A Clinchamp j'ai maintes fois perçu des aubes porteuses d'ombres n'ayant
d'autre espoir que d'aboutir au naufrage de soirs sans gloire, vu des aurores
moroses se conclure par d'accablants crépuscules, ouvert les yeux sur des matins
aussi sombres que des jours de deuil, été éclairé par des levers de Soleil
n'aboutissant qu'à l'ennui de journées dénuées d'éclat, emprunté des chemins
sans surprise menant à des déceptions attendues, gravi des monts insignifiants
débouchant sur des platitudes, voyagé vers de mornes impasses pour échouer dans
des heures parfaitement statiques.
Mais aussi, et cela n'en est que plus remarquable, été emporté dans les
cieux par des ailes blanches, ultimes, éthérées. D'autant plus haut que le sol
fut bas, lourd, noir.
Bien qu'entouré de bouses et de lourdeurs, de sabots et d'épaisseurs, je
suis monté jusqu'au sublime, porté par l'esprit véritable des lieux, faisant
abstraction des communes apparences, débarrassé des brumes de l'intelligence
strictement horizontale et des voiles de la pensée purement pragmatique.
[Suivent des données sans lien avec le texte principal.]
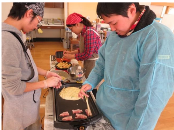
【お好 この み焼 や きのお肉 にく を丁 てい 寧 ねい に焼 や いています】
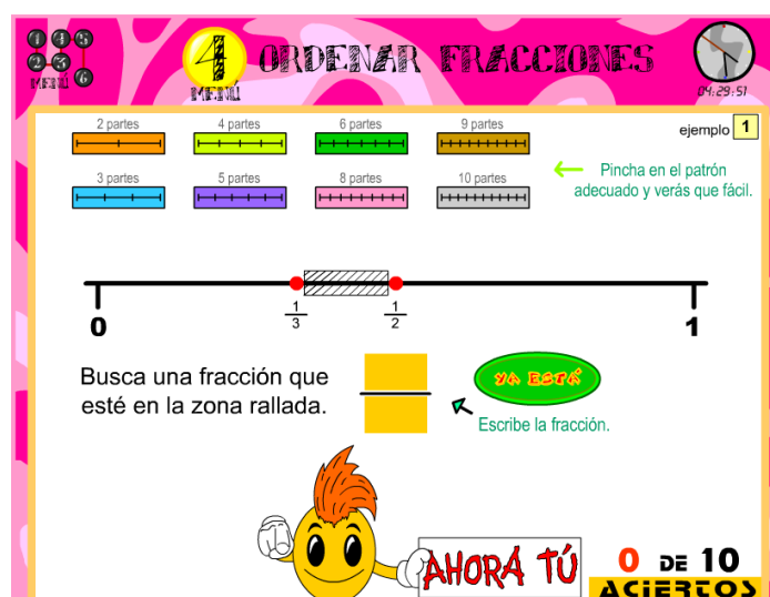
Figura 2. Primera pantalla del applet "Busca la fracción" (Menú 4)

Indicaciones. El esquema de este applet es similar al anterior. En la pantalla se muestra un segmento de recta con dos fracciones representadas, tanto con puntos en el segmento unidad, como en forma simbólica, y la indicación "busca una fracción que esté en la zona rayada" (ver la Figura 2).
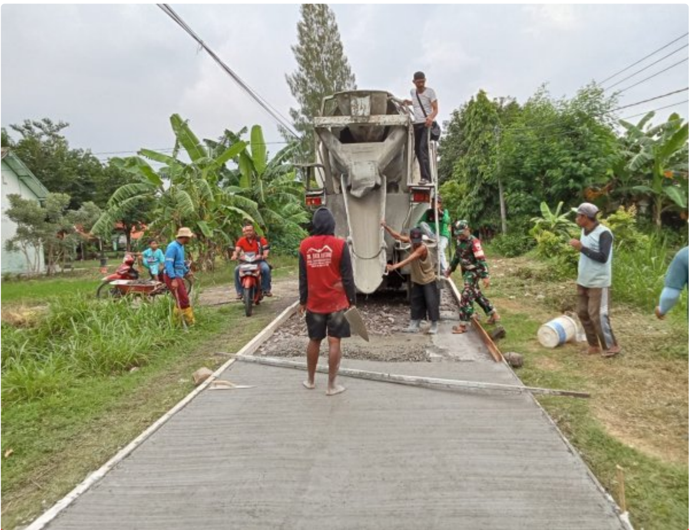
Membangun Desa Bersama Warga, Prajurit Kodim 0804/Magetan Tingkatkan Kemanunggalan Dengan Rakyat

Magetan. - Selalu dekat dengan rakyat dan selalu dihati rakyat, merupakan salah satu kunci utama keberhasilan TNI AD yang menganut sistem ketahanan rakyat semesta yang mana dengan kebersamaan antara TNI dan rakyat itu akan
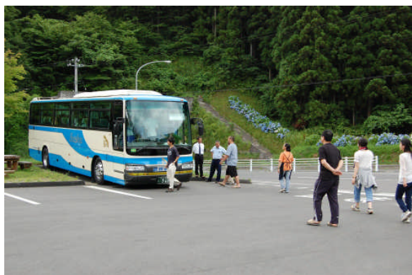
帰路につきました
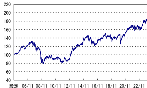
設定 06/11 08/11 10/11 12/11 14/11 16/11 18/11 20/11 22/11 ※横軸の目盛は該当月の25日を示します。
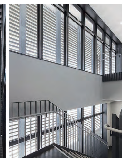
階段部分(内部より)
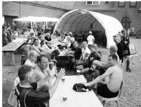
Et velfungerende socialt miljø ønskes

Såfremt der udvises initiativ, interesse og velvilje fra medlemmerne i afdelingen, tilstræbes det derfor, at man tilbydes at deltage i et større og et mindre fælles arrangement pr. sæson, finansieret helt eller delvist af klubben alt afhængig af arrangementets størrelse og udformning.

En effet, dans ce banal clocher de la Haute-Marne règne, en réalité, toute
la beauté du monde. La sobriété du paysage reflète l'essentiel de la Création :
c'est à travers la modestie des choses, l'aspérité du visible, l'humilité des moyens que
se manifeste le miracle du quotidien sans cesse renouvelé.
Un horizon fade, une terre obscure, un ciel opaque, des hommes aux fronts
ternes et quelques vaches beuglantes, une ambiance de marbre, des dimanches
comme des tombes, rien de plus motivant pour aller de l'avant ! Voilà bien une
incitation à progresser vers des espaces lumineux.
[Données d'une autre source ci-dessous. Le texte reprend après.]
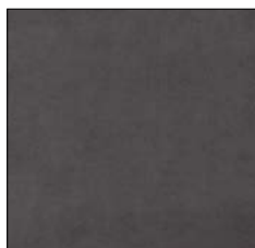
DARK GREY A103
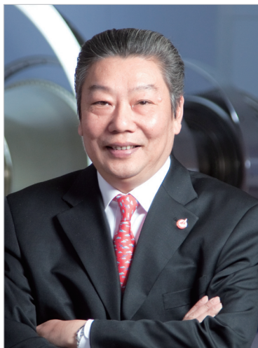
林左鸣 中国航空工业集团公司董事长。

2008年，中央决定对中国航空工业实施战略性重组，新组建的中国航空工业集团公司于2008年11月6日注册成立。五年来，中航工业按照中央关于推进航空工业改革发展的重大部署，肩负“航空报国、强军富民”的神圣使命，深刻把握世界航空工业发展的科学规律，确立并全面实施“两融、三新、五化、万亿”的发展战略，努力开创建设“新航空、大航空、强航空”的道路，全力打造具有国际竞争力的跨国公司。
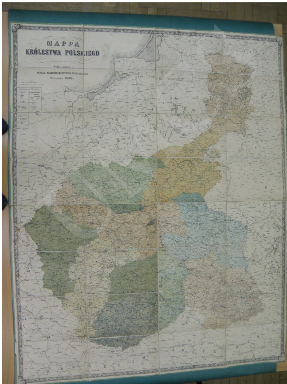
Fot. 2. Mapa Królestwa Polskiego ułożona przez M. Nipanicza

C'est même la porte ouverte à l'évasion. Une aventure pour l'âme, une
expédition vers un ailleurs subtil, un bonheur d'accès facile, la découverte de
nouvelles clartés, la merveilleuse expérience de la légèreté intérieure, la
vraie liberté des êtres détachés de l'écorce du réel.
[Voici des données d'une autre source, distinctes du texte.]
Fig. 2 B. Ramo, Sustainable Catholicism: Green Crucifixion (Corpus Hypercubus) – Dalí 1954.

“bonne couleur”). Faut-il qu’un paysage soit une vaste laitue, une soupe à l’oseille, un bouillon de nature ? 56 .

Et à travers le prisme de mon regard d'esthète je vois les béotiens du
village semblables aux astres qui brillent dans une verdure sidérale, leurs bétails de cornus tels des pégases voltigeant dans un azur mythologique, les mares aux canards pareilles à des flaques de pureté où se mire le firmament.
Bref, face au poids de l'ordinaire, en guise de fuite vers la ville
illusoire, les mirages et vulgarités de ce siècle ou les pesanteurs matérielles,
il y a la course concrète vers le beau !
Le véritable trésor que j'ai trouvé à Clinchamp s'appelle LE RÊVE.